Individualization section is unclear

[joeyparrish]

I recently had some confusion about individualization. I eventually figured things out, but I think it should be made clear that:

• CDM implementations only support one type of individualization or the other
• The CDM implementation dictates the mechanism used (if any), not the user agent, nor the application
• Direct individualization goes to a central non-origin-specific server, but still produces an origin-specific identifier

[mwatson2]

These seem like reasonable clarifications to me

[mwatson2]

Note that the result of direct individualization is not an origin-specific identifier, since direct individualization must not expose origin information to the individualization server. However, any identifier exposed to an origin must still be origin-specific.

[mwatson2]

PR #281

[joeyparrish]

So it's not origin-specific in the sense that the origin can't be determined, but that individualization result still differs between origins. Correct?

[mwatson2]

So it's not origin-specific in the sense that the origin can't be determined, but that individualization result still differs between origins. Correct?

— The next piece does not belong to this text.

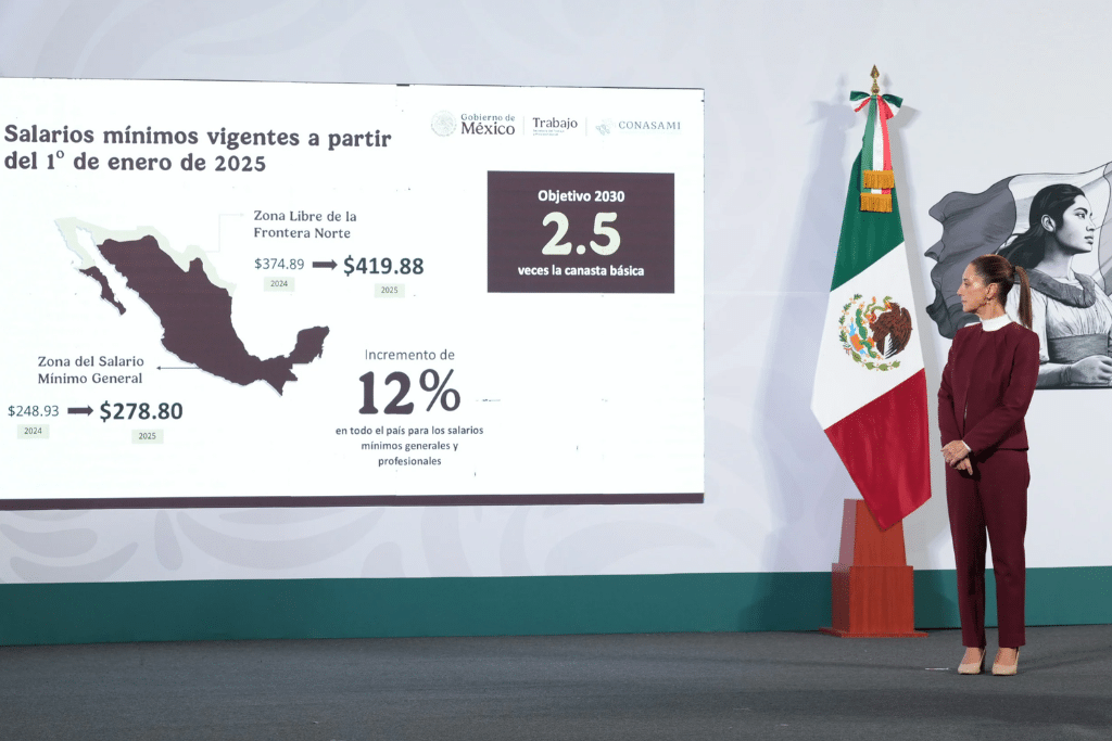 Claudia Sheinbaum anuncia incremento al salario mínimo del 12% para 2025

Direct individualization may be performed just once, on the first ever use of the CDM or on browser installation. The result might be an origin-independent identifier, which is never exposed to applications (this would be a Distinctive Permanent Identifier, in the language of the specification). The origin-specific identifiers exposed to applications are derived from this origin-independent one in a way that makes the origin-specific identifiers non-associable, at least by everyone except potentially the individualization server.

[ddorwin]

While Direct Individualization may be performed once as @mwatson2 says above, the description above is not necessarily/likely to be accurate, at least in practice. This was the specified behavior before #117 was fixed, but it was too limiting. The problem is that any value derived from such a single identifier is likely to include some reference to the origin-independent value. Otherwise, the individualization process would not have been necessary and/or provides no additional attestation than could have been provided locally. Therefore, it is more likely that an individualization process will be performed once per origin. (The spec also allows for a single origin-independent process followed by per-origin individualization using that intermediary value.) In all cases, the server is origin-independent to protect the [Distinctive] Permanent Identifier(s).

Importantly, the last paragraph of the Direct Individualization section requires that the actual origin not be exposed during this process. Instead, a non-associable value that only the client can associate with the origin may be used. It might be helpful to provide a non-normative note expanding on this.

Speaking of the last paragraph, I believe there is a typo: “origin(s)-” is not supposed to have a dash. (The dash in “origin-” is correct.)